I know guys that kill over a hundred to a hundred fifty coyotes a year and they don't do it from the road.
In some states it is legal to shoot coyotes from a truck, Coyotes usually hang out a ways during the day if you can shoot your odds are high you'll get em. At night they sometimes come right to the truck, sometimes under the truck and out the other side :lol:


----------



## Fallguy (Jan 23, 2004)

Danny

I am not saying it can't be done. What I am saying is it's a whole new ball game by going out and calling them in. Here in ND you can shoot from your vehicle for coyotes. While it's not my preferred method I would not pass on the opportunity at a coyote out in a field while driving between stands. I get more enjoyment out of calling them in...so maybe I am a little biased!


----------



## Danny B (Jun 6, 2006)

Fallguy I hunt both ways, from a truck and from the ground. Hunting coyotes from a truck can be very productive where legal, the truck must be set up right though. Matter of fact on an average it can be way more productive then making brush stands. 
For example, you are higher in the air making it easy to see over brush, you cover alot more ground when making stands, you shoot from a rest along with other advantages. 
If I can find some pictures of a set up truck I'll post it, a Texas style truck is a little different but the same idea. If you can legally shoot coyotes from your truck, I'd take advantage of it. 
You are calling the coyotes in from the truck just the same as if you would be doing from the ground making brush stands, maybe you could call it moble stand hunting. :lol:


----------



## Fallguy (Jan 23, 2004)

Danny

Post those pictures and give us some more info.
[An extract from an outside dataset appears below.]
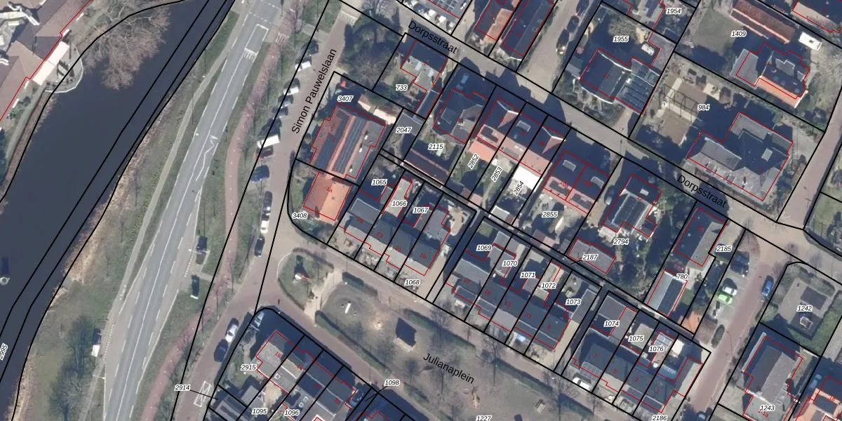 Gebruik de zoekbalk of klik op een perceel om informatie over het perceel te bekijken.
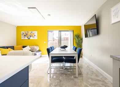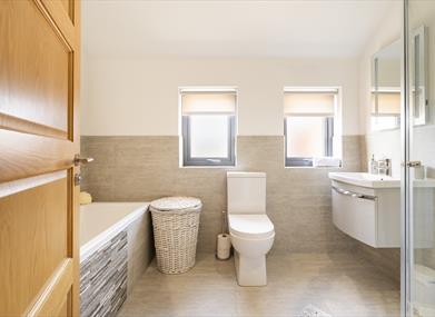 Upstairs there are four bedrooms (one en-suite) and a bathroom comprising a new suite including shower, bath and LED mirror. Of the upstairs bedrooms, there are three with double beds and one with a king size bed and built in sliding wardrobes. The property has unlimited high speed internet and three Smart TV are provided, one being a large 60 inch. Free onsite parking is available for two cars.

It would be interesting to see!


----------



## Brady (Jan 21, 2006)

Sorry for the misunderstanding!!! I got a total of 28 coyotes alltogether--
Most were trapped and some were shot out in our pature and field. We have to watch out for them when we start calving. Always have had trouble actually CALLING them in for sport though. RELAX---not doing anything illegal here! I hope that clears things up!!!!


----------



## Fallguy (Jan 23, 2004)

Well that is still a nice total for the year. Good job keep up the good work. If you are having success trapping than you probably know a good deal about the behavior of the animal. Take note of what you do when calling (variables like wind, calling volume, habitat, setup, time of day, etc). It will all fall into place eventually.


----------



## coyote_buster (Mar 11, 2007)

sorry i was so fast to speak, i cant believe i didnt think of my friend who always carrys an sks with him when hes moving hay, he gets a couple


----------



## Danny B (Jun 6, 2006)

Sorry it took so long. You can see how the truck is set up, it can be used day or night where legal. When you are shooting you are 8'2" off the ground and shooting off a rest, hard to miss most times. You can see animals coming in from a long way out in sage brush. At night it's almost unfair.
I through in a couple pictures of the results of using a truck to hunt from. Those are old pictures of contest days when all you brought back were tails to check-in as a proff of kill, not acceptable nowadays but it was back then. 
By the way I'm not trying to brag or anything like that, just showing what can be done by using a truck to hunt with. Let me say there is alot more to it then what you see, but I hope you get the idea.


----------



## Fallguy (Jan 23, 2004)

Danny

Cool! Thanks for getting those on here. LOL yeah I forgot about you and your tails.


----------



## Danny B (Jun 6, 2006)

Fallguy, you're a nice guy and very understanding, probably because you're older and wiser lol. 
You've seen Texas rigs, they are the same idea but you are in the weather when it gets bad. The pick-up with a camper shell gives you some protection from bad weather. 
The Texas rigs are higher, a better advantage when hunting real high brush, but both rigs do a great job in the right areas.
As far as tails go, I'd rather have tails then full bodys. Can you imagine the back of a pick-up with a camper shell full of dead stinking bloody coyotes for the weekend in the southwest and you're back there hunting with them? lol....That would make you one tough dude huh.


----------



## Fallguy (Jan 23, 2004)

Danny B said:


> Fallguy, you're a nice guy and very understanding, probably because you're older and wiser lol.


LOL I don't know about old but maybe wiser would be more like it. :wink:


----------



## Danny B (Jun 6, 2006)

Yeah Fallguy, just spending time on the internet well make a man wiser huh lol.


----------